Он замолчал, и я вместе с ним.

Теперь, когда фонарь оставил в покое мои глаза, я рассматривал моего собеседника.

То был действительно старик, и притом чрезвычайно старый. Кроме снежно-белой бороды, о глубокой старости говорила похожая на пергамент кожа, худоба рук, морщины на лице. Но это был старик изумительно сильный и бодрый. Его стан был прям, голова высоко поднята; локти и колени казались гибкими. Он был высок, с длинными ногами и широкоплеч. Все в нем дышало силой, и палка, на которую он опирался, превращалась в его руке в настоящее оружие. Перед этим человеком, быть может, восьмидесятилетним, я -- солдат тридцати трех лет -- чувствовал себя хилым. Инстинктивно я нащупал в кармане широкую и длинную выпуклость моего пистолета, в котором из восьми пуль недоставало только одной, -- пули, сразившей недавно моего Зигфрида.

Секунду спустя мне стало стыдно за этот смутный и глупый страх, который заставил меня протянуть руку к оружию, и я возобновил разговор.

-- Сударь, -- начал я, на этот раз очень учтиво, -- я еще не поблагодарил вас, извините меня. Я не оценил вашего благородного вмешательства: чтобы помочь мне, вы, быть может, рисковали жизнью, спускаясь по этому опасному склону. Примите мою благодарность. Я -- капитан Андре Нарси, из главного штаба вице-адмирала губернатора.

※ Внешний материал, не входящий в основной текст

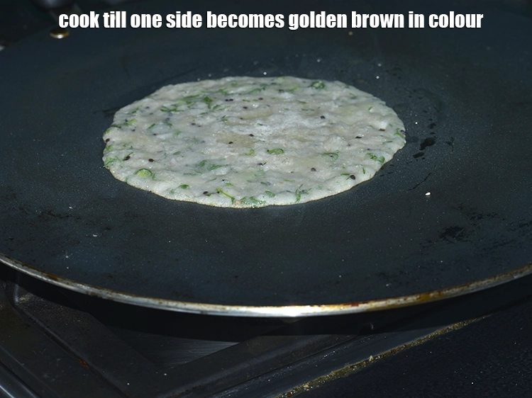 - तवे पर चम्मच भर घोल डालकर गोल घुमाकर डोसा बना लें। थोडा तेल डालें और दोनों तरफ से सुनहरा भूरा होने तक पका लें।

Я остановился, предполагая, что в обмен на мое имя услышу другое. Но старик не назвал себя. Во всяком случае, он слушал чрезвычайно внимательно. Я продолжал:

-- Я везу пакет караульному батареи в форте Большого Мыса. Если я сбился с дороги и заблудился, если я кончил тем, что упал от истощения и заснул здесь, изнеможденный, то все это благодаря тому, что я пытался выполнить миссию, которая на меня была возложена, и от которой я и сейчас не могу отказаться. Теперь, сударь, осмелюсь ли я обратиться еще раз к вашей любезности: укажите мне, прошу вас, хорошую дорогу, которой я не мог найти сам, дорогу, которая ведет к Большому Мысу.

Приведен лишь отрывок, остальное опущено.